Report each line of the entries below that includes "material".

▸ **Available data**
..............................

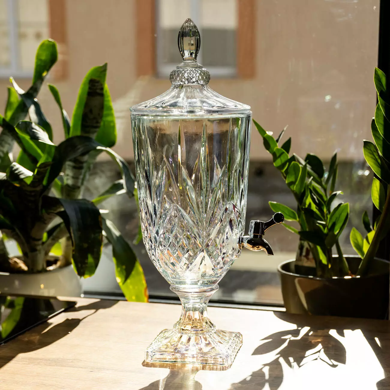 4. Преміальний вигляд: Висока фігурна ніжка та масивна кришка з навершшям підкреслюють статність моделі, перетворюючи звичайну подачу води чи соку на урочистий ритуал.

..............................

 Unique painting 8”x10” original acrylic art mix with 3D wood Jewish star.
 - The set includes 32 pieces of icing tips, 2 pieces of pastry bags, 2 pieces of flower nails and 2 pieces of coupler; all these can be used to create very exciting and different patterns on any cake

..............................

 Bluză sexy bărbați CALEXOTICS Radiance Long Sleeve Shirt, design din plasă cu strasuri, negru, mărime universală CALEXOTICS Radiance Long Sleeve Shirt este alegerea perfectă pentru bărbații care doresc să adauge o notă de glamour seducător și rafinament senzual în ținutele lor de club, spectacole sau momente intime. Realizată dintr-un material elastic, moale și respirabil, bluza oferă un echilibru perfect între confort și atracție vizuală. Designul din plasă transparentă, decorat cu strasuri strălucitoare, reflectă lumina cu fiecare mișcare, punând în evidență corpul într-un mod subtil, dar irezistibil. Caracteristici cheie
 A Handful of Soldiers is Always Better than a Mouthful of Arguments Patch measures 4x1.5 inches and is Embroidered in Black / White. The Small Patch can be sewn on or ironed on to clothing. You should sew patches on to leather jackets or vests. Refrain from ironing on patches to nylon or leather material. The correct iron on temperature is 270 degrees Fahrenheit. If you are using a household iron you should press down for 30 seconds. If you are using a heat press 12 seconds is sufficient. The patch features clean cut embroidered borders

..............................

▸ **Solution for this task**
 Bluză sexy bărbați CALEXOTICS Radiance Long Sleeve Shirt, design din plasă cu strasuri, negru, mărime universală CALEXOTICS Radiance Long Sleeve Shirt este alegerea perfectă pentru bărbații care doresc să adauge o notă de glamour seducător și rafinament senzual în ținutele lor de club, spectacole sau momente intime. Realizată dintr-un material elastic, moale și respirabil, bluza oferă un echilibru perfect între confort și atracție vizuală. Designul din plasă transparentă, decorat cu strasuri strălucitoare, reflectă lumina cu fiecare mișcare, punând în evidență corpul într-un mod subtil, dar irezistibil. Caracteristici cheie
 A Handful of Soldiers is Always Better than a Mouthful of Arguments Patch measures 4x1.5 inches and is Embroidered in Black / White. The Small Patch can be sewn on or ironed on to clothing. You should sew patches on to leather jackets or vests. Refrain from ironing on patches to nylon or leather material. The correct iron on temperature is 270 degrees Fahrenheit. If you are using a household iron you should press down for 30 seconds. If you are using a heat press 12 seconds is sufficient. The patch features clean cut embroidered borders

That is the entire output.